Bruce Spanworm (Operophtera bruceata) – Marsh-Billings-Rockefeller National Historical Park, Woodstock, Vermont – 9 November 2014
November at dusk with the temperature barely breaking 40 degrees I could see my breath. Yet, all around me moths fluttered through the woods. This cold weather moth is a thermo-conformers. Incredibly, males can fly with air and body temperature ranging from just 27 up to a balmy 77 degrees. Females completely lack wings. When they emerge in October or November, they crawl to the lower trunk of a host tree where they solicit flying males with fine chemistry. Read more…
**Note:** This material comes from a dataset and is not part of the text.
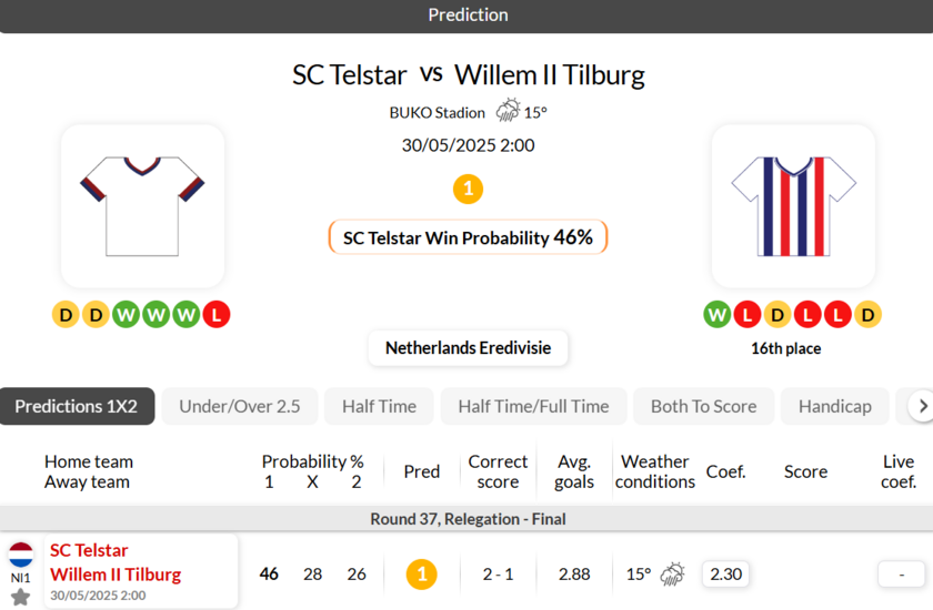 - Willem II Tilburg's performance has been disappointing of late, as they have won just 3 of their 24 most recent Eredivisie clashes.

Osprey (Pandion haliaetus) – Honeymoon Island State Park, Dunedin, Florida – 28 December 2014
During early evening I found this Osprey feeding on a Sheepshead (Archosargus probatocephalus) not far from shore. The purple clouds in the background and its yellow eye staring at me caught my eye. Ospreys are unusual among raptors in possessing a reversible outer toe that allows them to grasp with two toes in front and two behind. Barbed pads on the soles of the feet help them grip slippery fish.